The concept of retirement dates back to 19th Century Germany, when it was conceived as a response to youth unemployment.
Depressingly, thinking around the subject has barely progressed since.
We still tend to think of retirement in largely financial terms, which for many, will not lead to happiness.
Just as retirement’s past is found in a different country, its future is equally foreign and unknown. Fresh thinking is required.
For the first time since the 1930s, people in the UK are having to wait beyond their 65th birthday before they can claim their state pension.
As the pension age rises, many face growing uncertainty over how to manage increased longevity. So support in making conscious choices on how we want to live becomes ever more important.

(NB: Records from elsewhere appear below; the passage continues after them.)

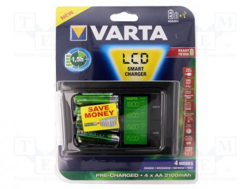 Výrobca VARTA Typ nabíjačky mikroprocesorová Druh akumulátora Ni-MH Veľkosť článku AA Veľkosť článku AAA Veľkosť článku R3 Veľkosť článku R6 Vlastnosti nabíjačky detekcia poškodených batérií Vlastnosti nabíjačky vybitie akumulátorových batérií Vlastnosti nabíjačky výstup USB 5V Signalizácia LCD displej Verzia spotrebiteľská Verzia vidlice EU Batéria / akumulátor akumulátor Ni-MH AA 1,2V 2100mAh x4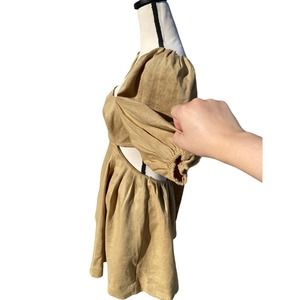 Zimmermann Mae Coquette Bow 100%rge Linen Tea Party Style Dress Size L short length dress. Worn gently with no visual signs of wear. Dress features an open back with a coquette style bow in the upper middle back, open cut out on sides very feminine tea party, coquette look.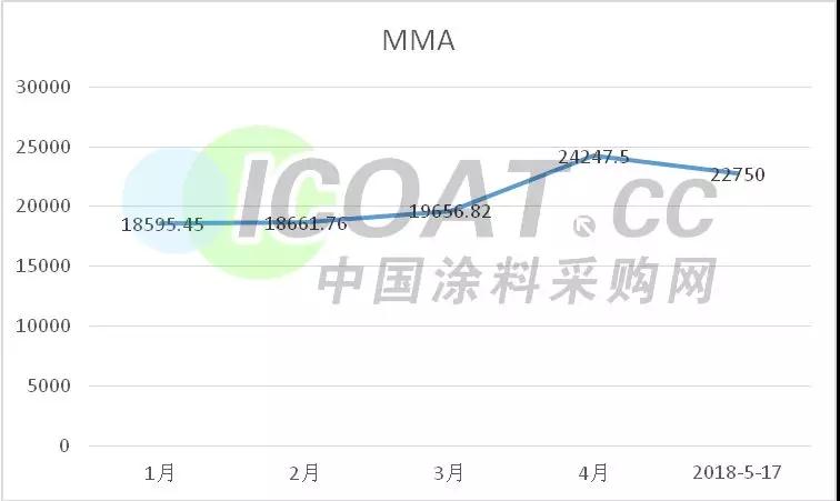 自2018年初開始,各廠陸續(xù)公布了年內(nèi)的檢修計劃,MMA市場價格在經(jīng)歷年初短暫的下跌行情過后一路上揚,并在4月初到達歷史巔峰。5月份MMA市場裝置檢修更為密集,吉林石化、惠菱化成以及璐彩特裝置均停車檢修。目前華東一級合約市場收于22500-23500元/噸,華東貿(mào)易現(xiàn)貨市場商談多在22500-23000元/噸之間展開。價格重心逐漸回歸理性。

This is not scaremongering. The retirement crisis is real in both financial and wellbeing terms.
Many retiring now will face another 30 years of life – how we choose to spend it has a large impact on whether these years are a blessing or a curse.
The key to happiness and wellbeing in retirement are the same as in earlier life: remain physically active, continue to learn, have a sense of purpose, and build and maintain strong social networks.
Perhaps it is this lack of comprehension that stops retirement from being the adventure it should be.
Studies have shown that retirement without a plan increases your risk of depression by up to 40 per cent.
It needn’t be this way. People could be using this period of their life to make new friends, visit family, dedicate time to previously ignored hobbies, learn new skills, and lead a stimulating life after decades of hard work.
It should be exciting and liberating.
These upsides of retirement are regularly forgotten.
We tend to view retirement through a prism of negativity that focuses on money.
Fulfilment in later life is about much more than just money. Days are still 24-hours long and with, potentially, many years ahead there is a lot of time to fill, and no time to waste.
Some new activities are time bound, and many waste the first few years of retirement working out what they really want to do, and sometimes by then it is too late.
Overall life expectancy is rising faster than healthy life expectancy and the disability-free life years at age 65 in England is 9.9 years, according to the Office for National Statistics, 2018.
Something needs to change in how we recognise, plan for and manage this stage of our life.
A fundamental change of retirement preparation mindset is required.
Instead of thinking, “I need to save towards some arbitrary, unrealistic lump sum, and then hoard it until I die”, people need to think about and plan how they want to spend their later years.